Dataset section:
--------------------
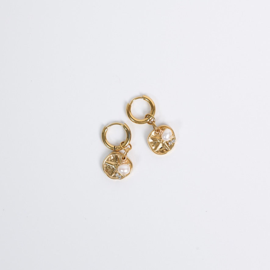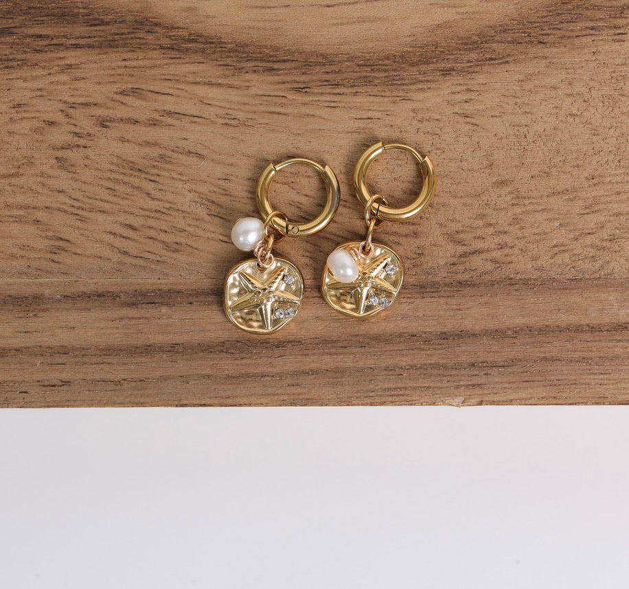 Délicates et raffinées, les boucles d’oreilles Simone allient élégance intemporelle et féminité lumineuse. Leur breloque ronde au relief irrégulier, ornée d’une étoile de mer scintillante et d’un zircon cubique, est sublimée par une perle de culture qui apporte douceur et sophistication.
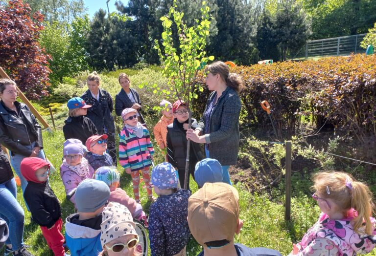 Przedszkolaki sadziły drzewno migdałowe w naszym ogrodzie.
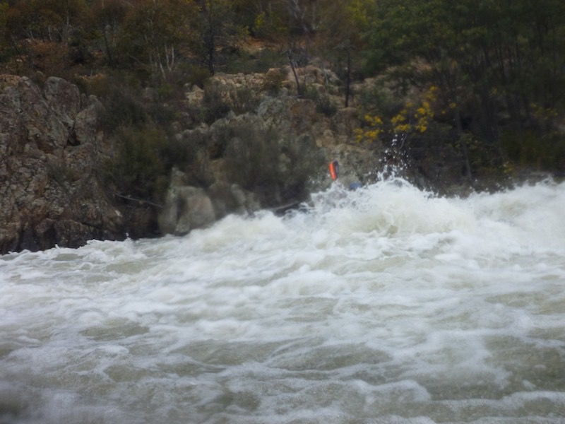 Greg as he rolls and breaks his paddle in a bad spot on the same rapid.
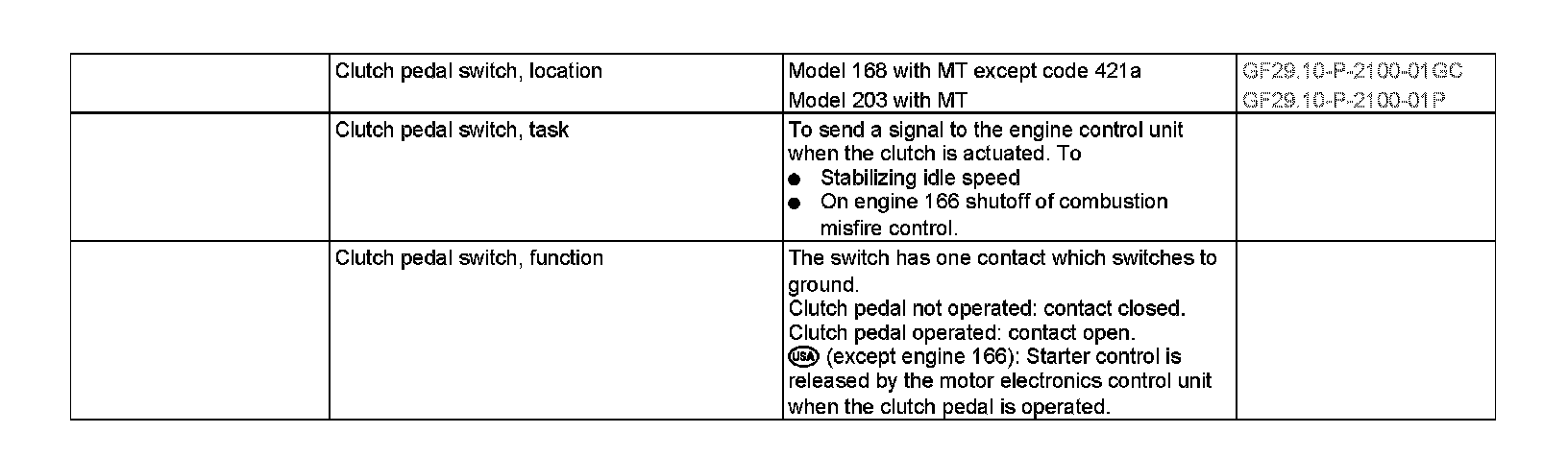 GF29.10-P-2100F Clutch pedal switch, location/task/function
--------------------
Exercise prompt:
Omit the pictures, then print the rest of the listing above exactly.

Problem solution:
 Délicates et raffinées, les boucles d’oreilles Simone allient élégance intemporelle et féminité lumineuse. Leur breloque ronde au relief irrégulier, ornée d’une étoile de mer scintillante et d’un zircon cubique, est sublimée par une perle de culture qui apporte douceur et sophistication.
 Przedszkolaki sadziły drzewno migdałowe w naszym ogrodzie.
 Greg as he rolls and breaks his paddle in a bad spot on the same rapid.
 GF29.10-P-2100F Clutch pedal switch, location/task/function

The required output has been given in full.